In the diabetic microenvironment, DJ-1 was a protective factor for vascular microcalcification. NAT10- and TRIM32-mediated acetylation-ubiquitination crosstalk resulted in the degradation of DJ-1. The decrease of DJ-1 could activate DJ-1/STAT1/RAGE microcalcification signal. Further, under the stimulation of DJ-1-mediated microcalcification signal, VSMCs released MVs with high abundance of MFGE8. MFGE8 promoted collagen-MVs interaction and finally accelerated the formation of microcalcification.
微钙化增加了斑块的易损性,并已成为糖尿病患者急性心血管事件的重要驱动因素。然而,其调控机制仍不清楚。DJ-1是一种多功能蛋白,可能在糖尿病并发症的发生发展中发挥潜在作用。因此,本研究旨在探讨DJ-1与糖尿病斑块中微钙化之间的关系,并研究其机制。

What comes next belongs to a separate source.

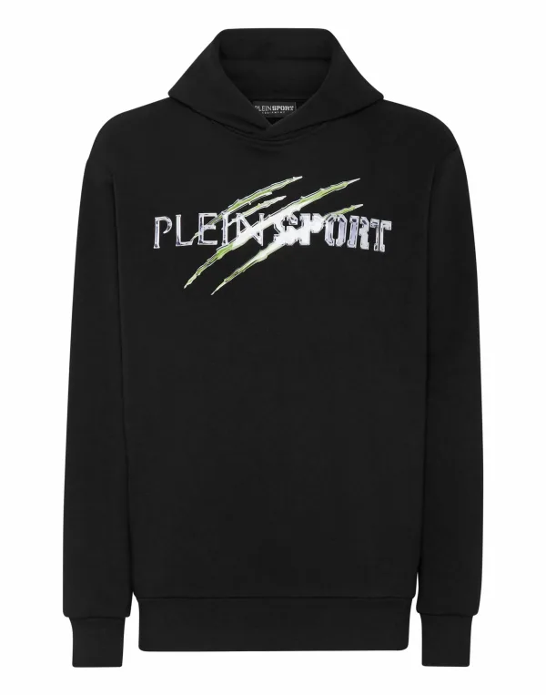Personalize your active time with this fleece hoodie. A few graphic elements are all it takes to define the style of Plein Sport. See what we’ve created for this season. Cotton fleece with gauzed lining The iconic Tiger Scratch print is featured inside a foil-print artwork Rubberized patch sewn atop hood Two slit pockets Rib knit hems

在糖尿病足截肢患者的胫前动脉、糖尿病载脂蛋白E缺陷(ApoE-/-)小鼠模型和血管平滑肌细胞(VSMC)模型中确定DJ-1与糖尿病血管微钙化之间的调控关系。检测DJ-1的泛素化和乙酰化水平,并探讨乙酰化-泛素化的相互作用。然后,阐明DJ-1对晚期糖基化终末产物受体(RAGE)的调控作用。此外,观察DJ-1在糖尿病微环境中胶原-基质小泡(MVs)相互作用中的作用。用蛋白质组学和仿生MVs模型验证MVs的胶原相互作用表面蛋白。在临床样本中,胫前动脉斑块中微钙化结节的数量与DJ-1表达呈负相关。在糖尿病ApoE-/-小鼠和VSMCs模型中,敲低DJ-1显著增加了微钙化结节的数量。N-乙酰转移酶10(NAT10)是DJ-1的乙酰转移酶。NAT10可以与DJ-1的泛素化相互作用,并通过E3泛素连接酶含三联基序蛋白32(TRIM32)增强DJ-1的泛素化。此外,敲低DJ-1激活了信号转导子和转录激活子1(STAT1),然后STAT1可以与RAGE启动子结合,从而上调RAGE。此外,敲低DJ-1显著促进了糖尿病微环境中胶原-MVs的相互作用。乳脂肪球表皮生长因子8(MFGE8)可能作为一种胶原相互作用蛋白。MFGE8蛋白的包被可以增加胶原与仿生MVs之间的相互作用。
在糖尿病微环境中,DJ-1是血管微钙化的保护因子。NAT10和TRIM32介导的乙酰化-泛素化相互作用导致DJ-1的降解。DJ-1的减少可激活DJ-1/STAT1/RAGE微钙化信号。此外,在DJ-1介导的微钙化信号刺激下,VSMCs释放富含MFGE8的MVs。MFGE8促进胶原-MVs相互作用,最终加速微钙化的形成。